Problem description:
With the pictures left aside, write out exactly the lines of the listing below from the line with "バックに見えるのが秋田犬マサ" to the line with "The LEGO City", both included, and only those.

Provided information:
== == ==

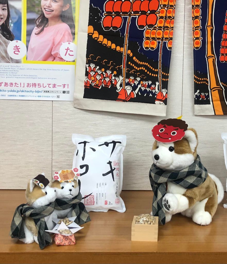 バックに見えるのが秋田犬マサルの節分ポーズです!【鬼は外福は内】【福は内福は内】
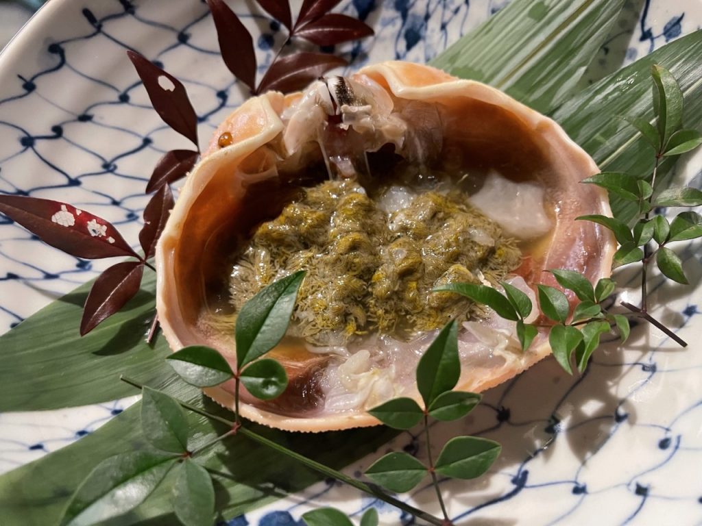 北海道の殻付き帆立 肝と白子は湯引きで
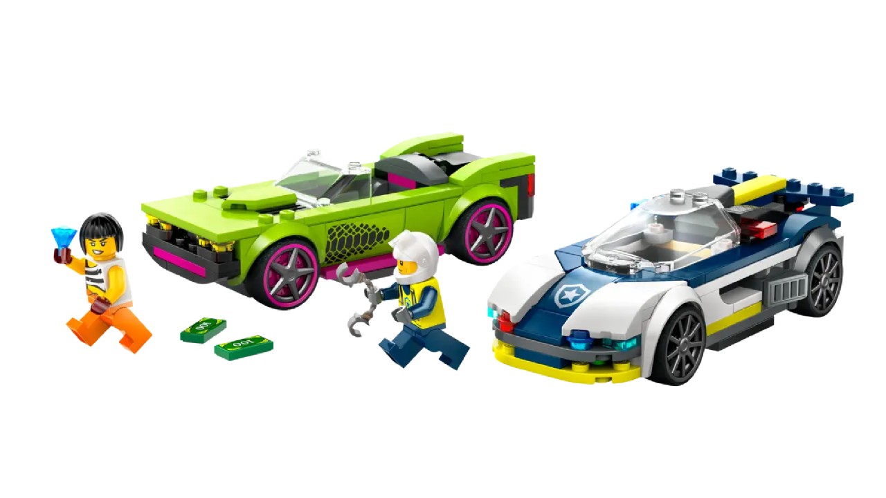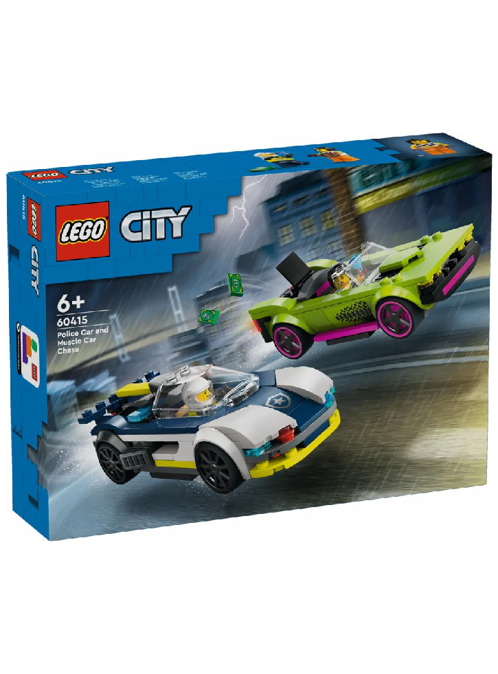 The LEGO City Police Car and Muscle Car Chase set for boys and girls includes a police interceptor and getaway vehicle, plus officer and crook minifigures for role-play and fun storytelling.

== == ==

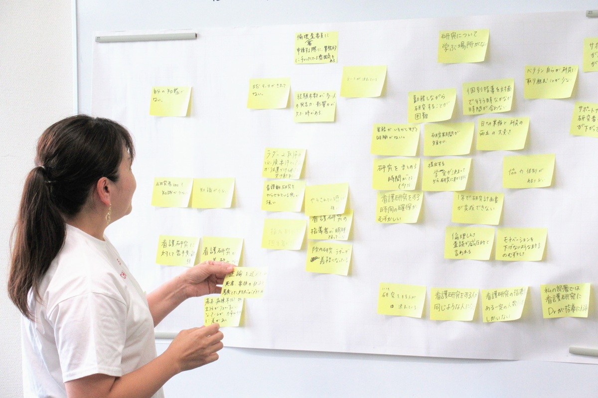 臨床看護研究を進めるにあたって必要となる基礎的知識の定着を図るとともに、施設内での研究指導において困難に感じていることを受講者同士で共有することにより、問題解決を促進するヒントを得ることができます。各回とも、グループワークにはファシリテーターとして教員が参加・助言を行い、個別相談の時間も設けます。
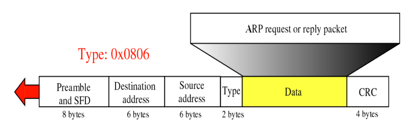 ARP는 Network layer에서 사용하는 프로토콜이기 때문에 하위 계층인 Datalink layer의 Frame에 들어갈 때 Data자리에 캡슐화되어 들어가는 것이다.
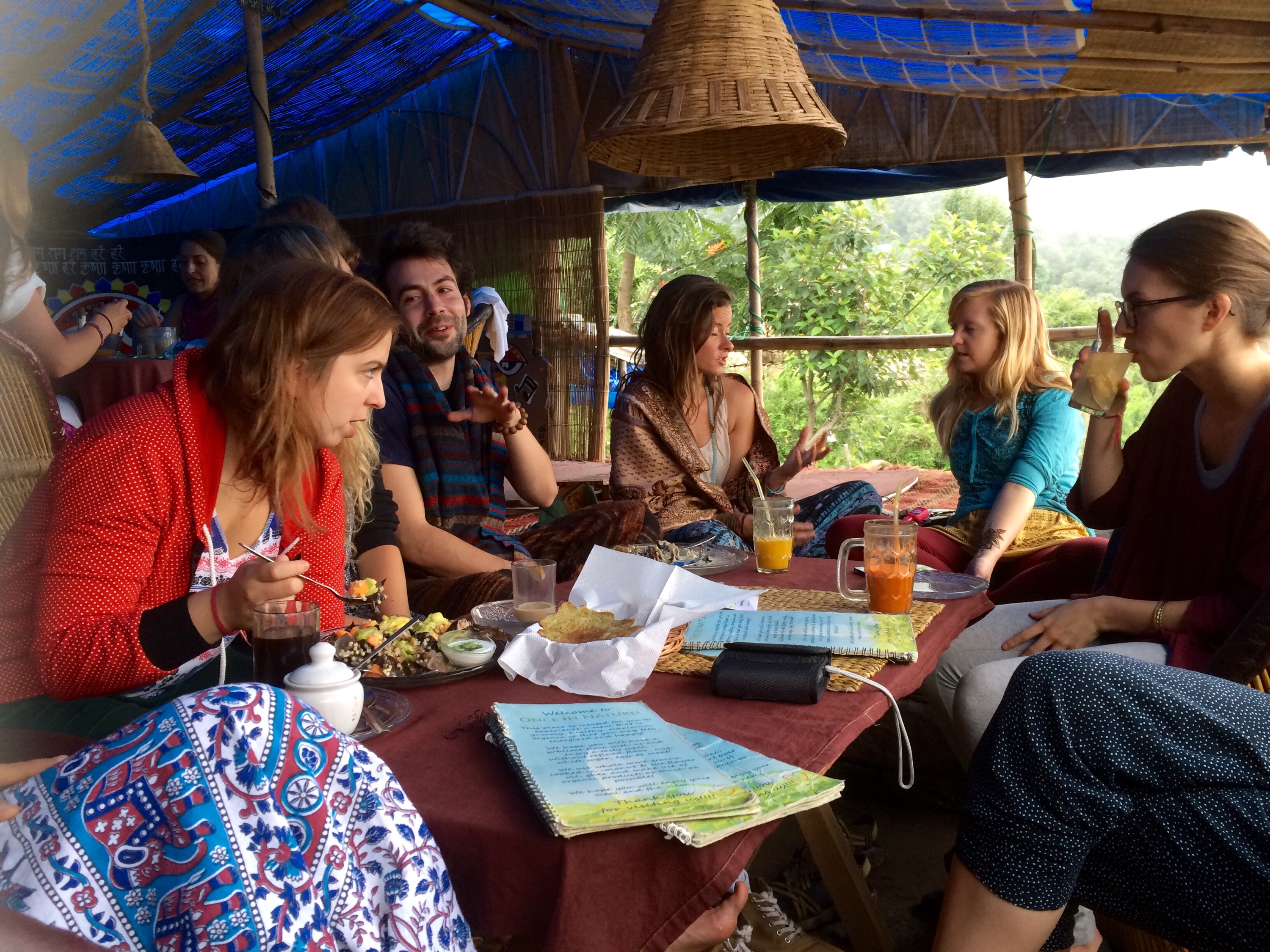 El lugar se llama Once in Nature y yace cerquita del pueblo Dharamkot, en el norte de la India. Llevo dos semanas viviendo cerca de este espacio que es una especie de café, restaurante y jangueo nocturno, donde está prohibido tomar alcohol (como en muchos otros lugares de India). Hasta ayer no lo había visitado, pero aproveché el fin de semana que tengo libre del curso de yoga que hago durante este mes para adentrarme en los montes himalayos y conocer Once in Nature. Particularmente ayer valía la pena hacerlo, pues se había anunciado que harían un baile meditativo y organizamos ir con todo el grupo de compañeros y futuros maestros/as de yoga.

== == ==

Solution for this exercise:
 バックに見えるのが秋田犬マサルの節分ポーズです!【鬼は外福は内】【福は内福は内】
 北海道の殻付き帆立 肝と白子は湯引きで
 The LEGO City Police Car and Muscle Car Chase set for boys and girls includes a police interceptor and getaway vehicle, plus officer and crook minifigures for role-play and fun storytelling.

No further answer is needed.